- Your task:
In the listing below, locate the line with "- LDK11.6帖、洋室6.2帖、洋室5.3帖" and the line with "Visit Proof |", then output both and everything between them exactly, minus any pictures.

- Supplied records:
┏━━

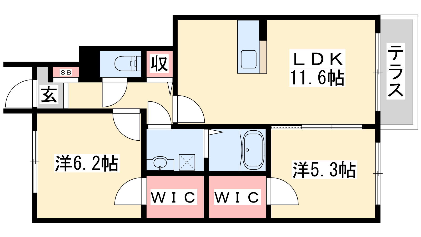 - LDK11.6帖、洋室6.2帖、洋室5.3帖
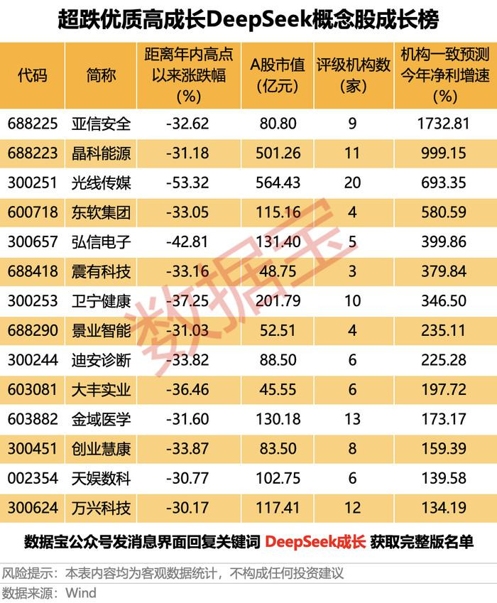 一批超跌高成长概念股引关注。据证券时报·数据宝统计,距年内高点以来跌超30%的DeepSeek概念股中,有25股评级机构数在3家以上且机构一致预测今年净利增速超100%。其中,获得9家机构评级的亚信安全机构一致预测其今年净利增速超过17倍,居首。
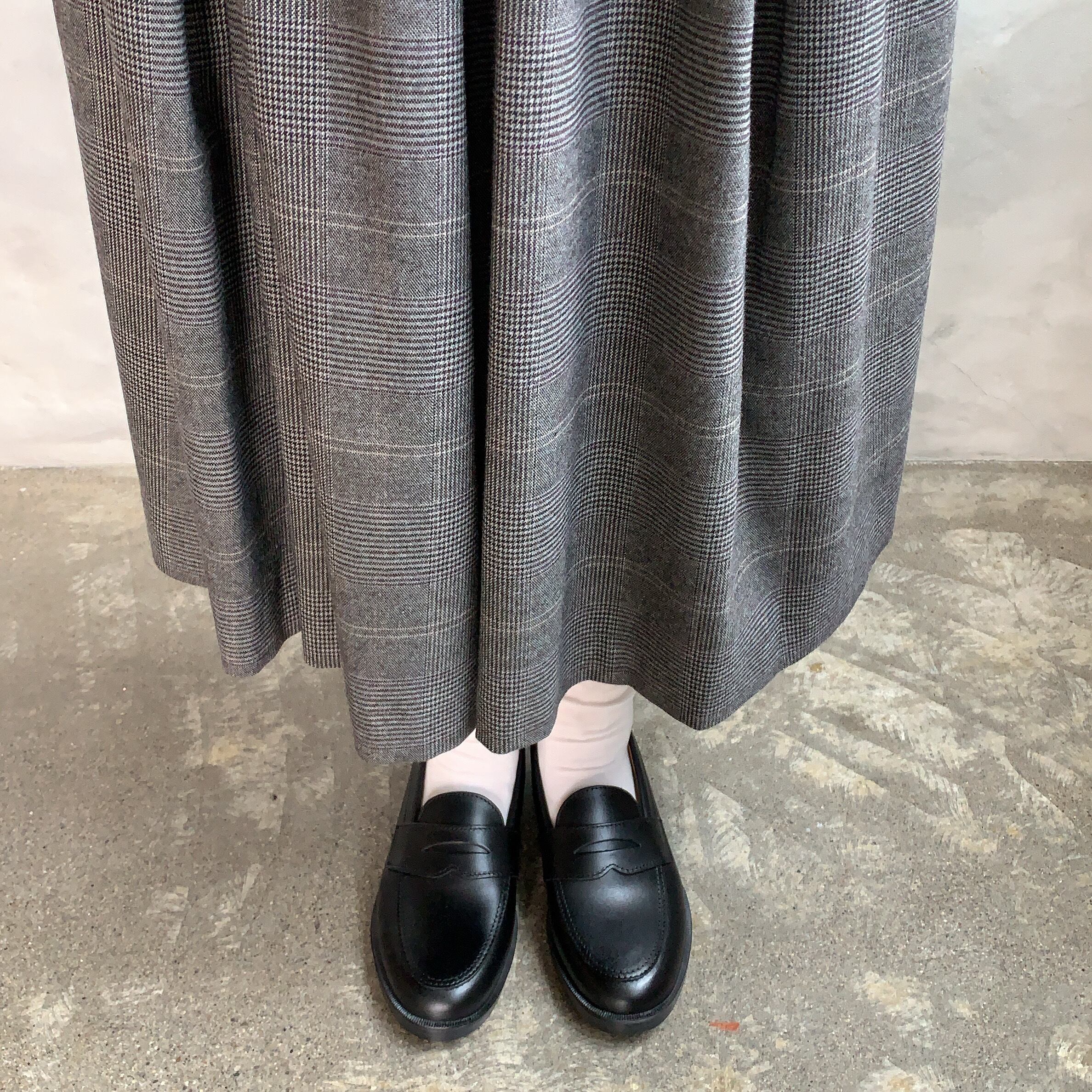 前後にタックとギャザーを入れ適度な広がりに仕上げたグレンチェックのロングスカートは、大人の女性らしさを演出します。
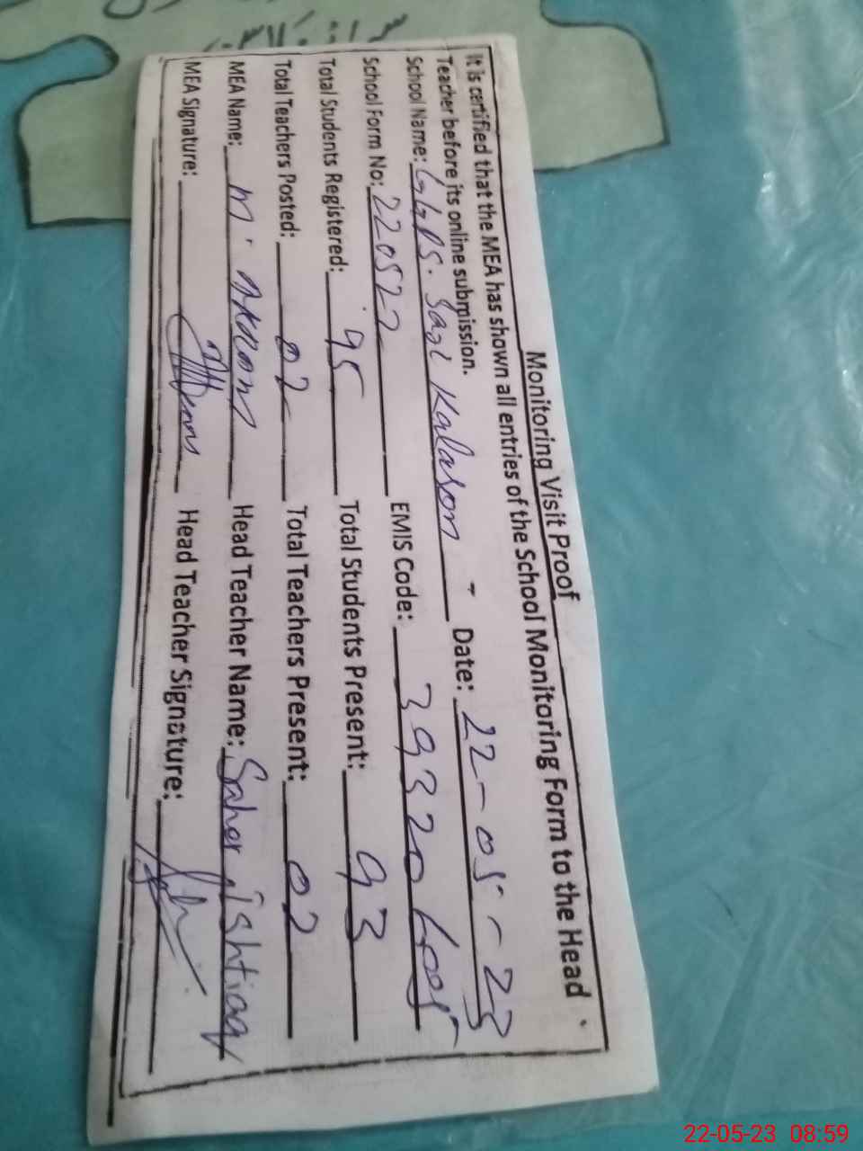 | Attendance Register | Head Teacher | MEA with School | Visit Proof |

┗━━
┏━━

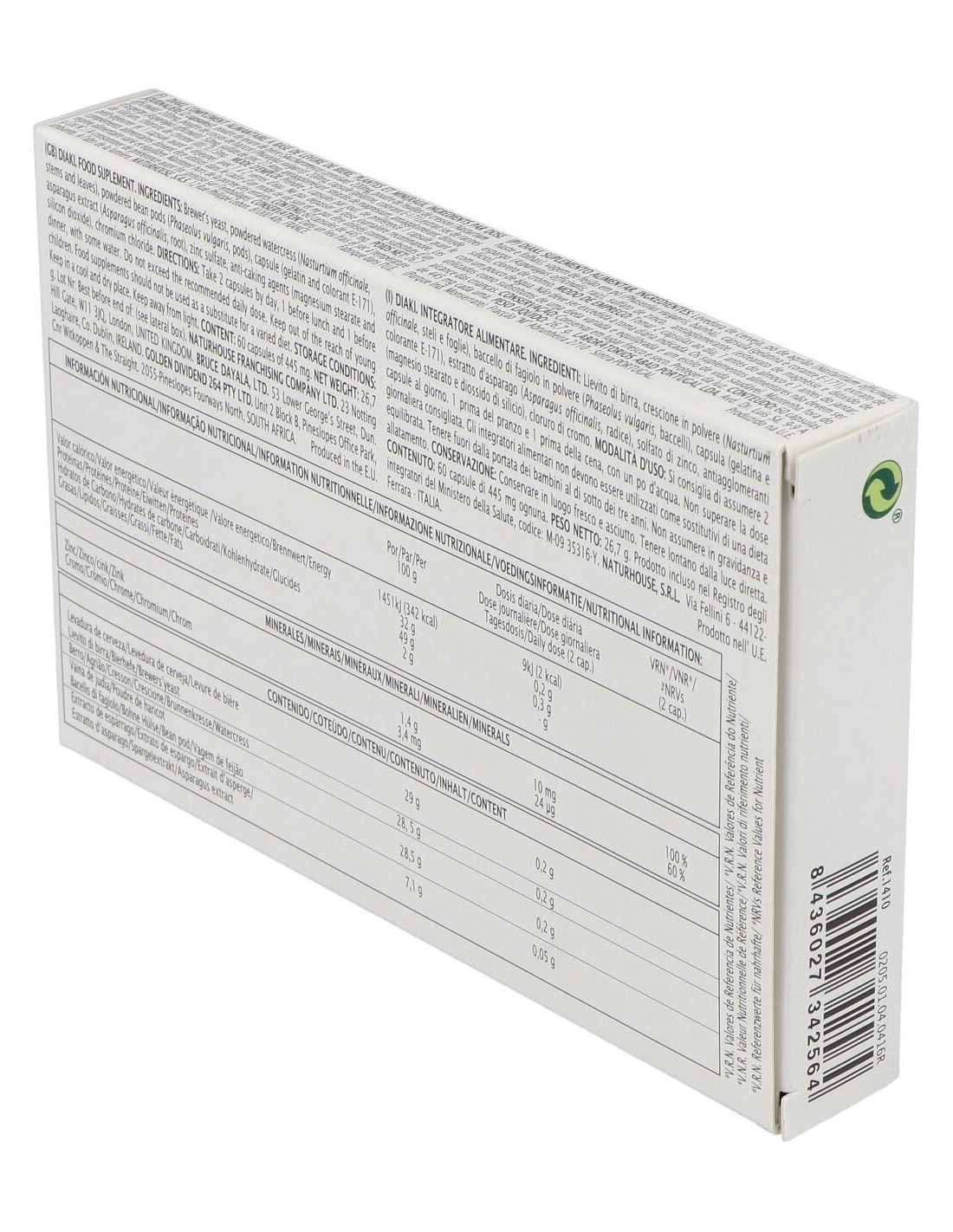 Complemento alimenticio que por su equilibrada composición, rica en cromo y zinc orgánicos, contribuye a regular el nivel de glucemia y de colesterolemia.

┗━━
┏━━

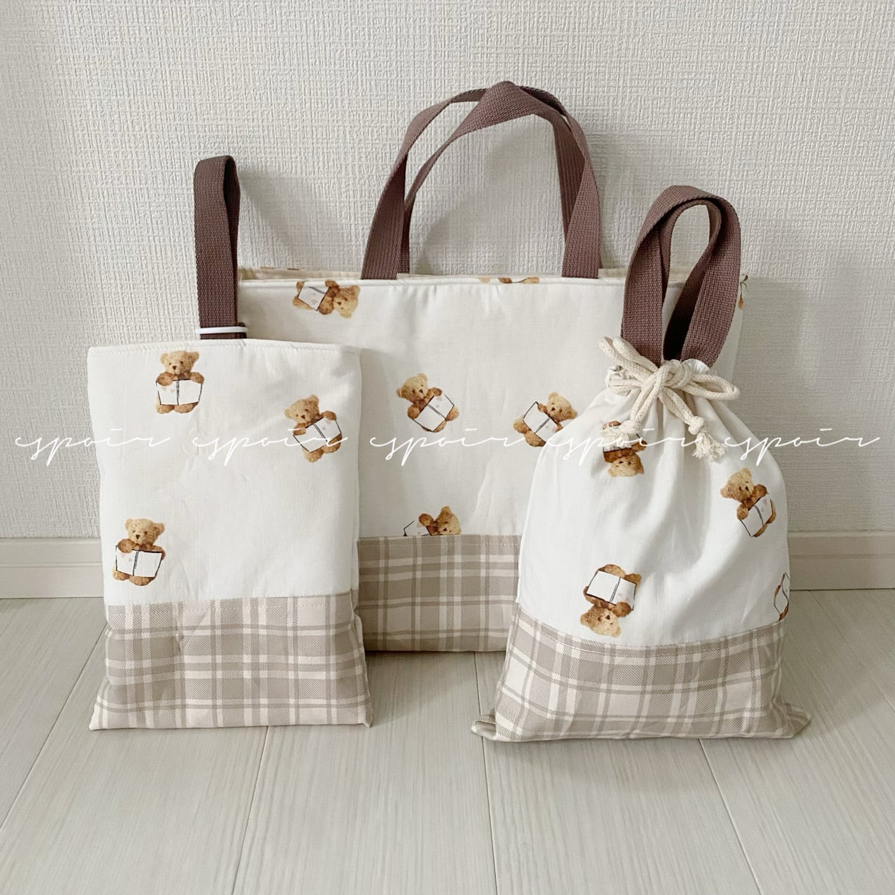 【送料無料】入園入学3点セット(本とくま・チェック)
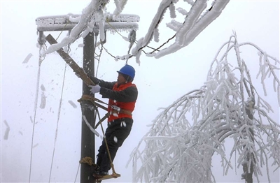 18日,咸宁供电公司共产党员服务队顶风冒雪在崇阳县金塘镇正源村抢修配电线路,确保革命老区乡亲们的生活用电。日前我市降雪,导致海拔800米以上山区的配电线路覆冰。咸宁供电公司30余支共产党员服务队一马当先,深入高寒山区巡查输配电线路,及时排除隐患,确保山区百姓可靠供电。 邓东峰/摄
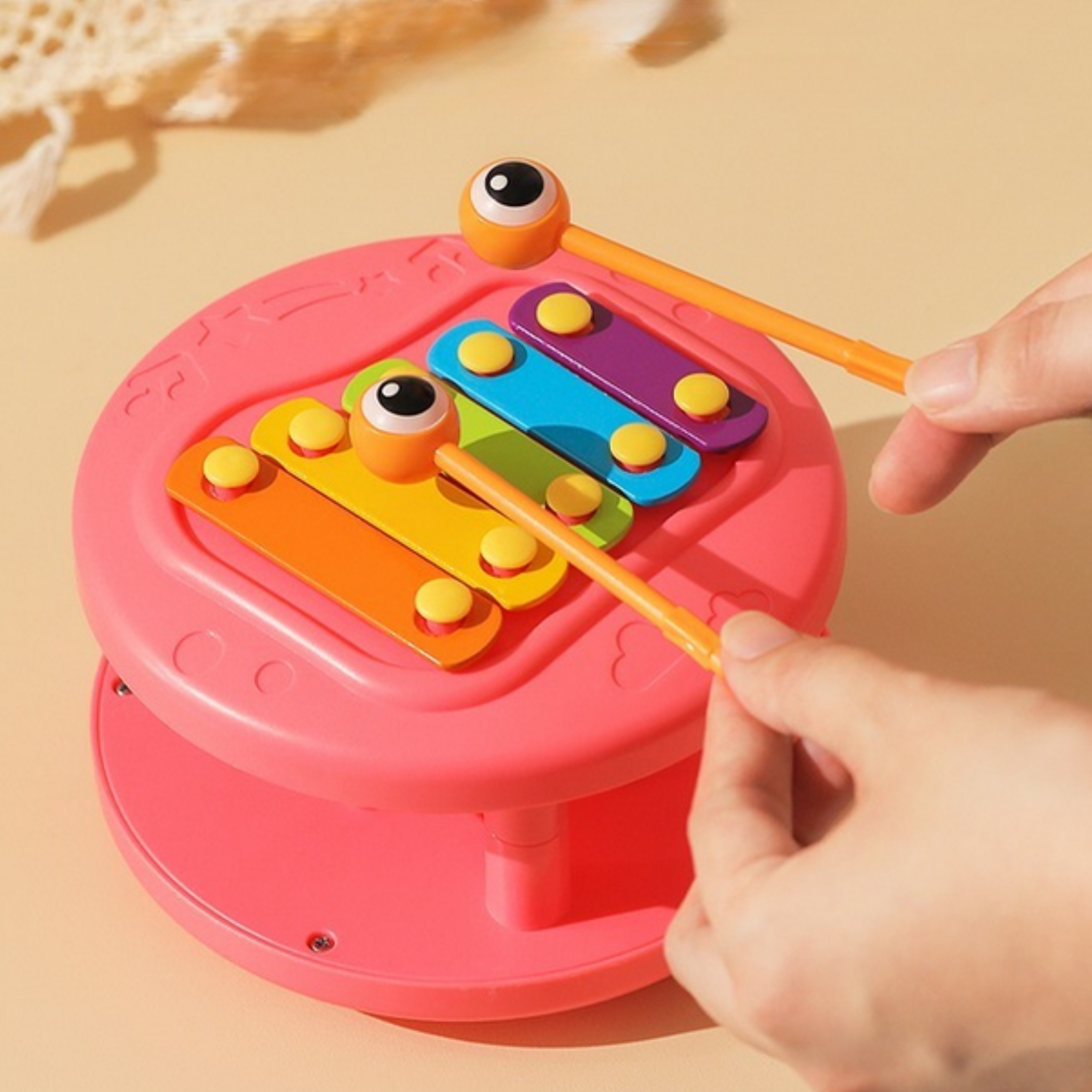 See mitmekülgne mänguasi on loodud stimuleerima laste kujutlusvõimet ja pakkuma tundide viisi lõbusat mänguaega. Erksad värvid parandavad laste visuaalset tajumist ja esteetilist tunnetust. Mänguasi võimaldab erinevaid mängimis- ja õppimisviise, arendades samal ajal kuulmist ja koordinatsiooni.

┗━━

- Exercise result:
 - LDK11.6帖、洋室6.2帖、洋室5.3帖
 一批超跌高成长概念股引关注。据证券时报·数据宝统计,距年内高点以来跌超30%的DeepSeek概念股中,有25股评级机构数在3家以上且机构一致预测今年净利增速超100%。其中,获得9家机构评级的亚信安全机构一致预测其今年净利增速超过17倍,居首。
 前後にタックとギャザーを入れ適度な広がりに仕上げたグレンチェックのロングスカートは、大人の女性らしさを演出します。
 | Attendance Register | Head Teacher | MEA with School | Visit Proof |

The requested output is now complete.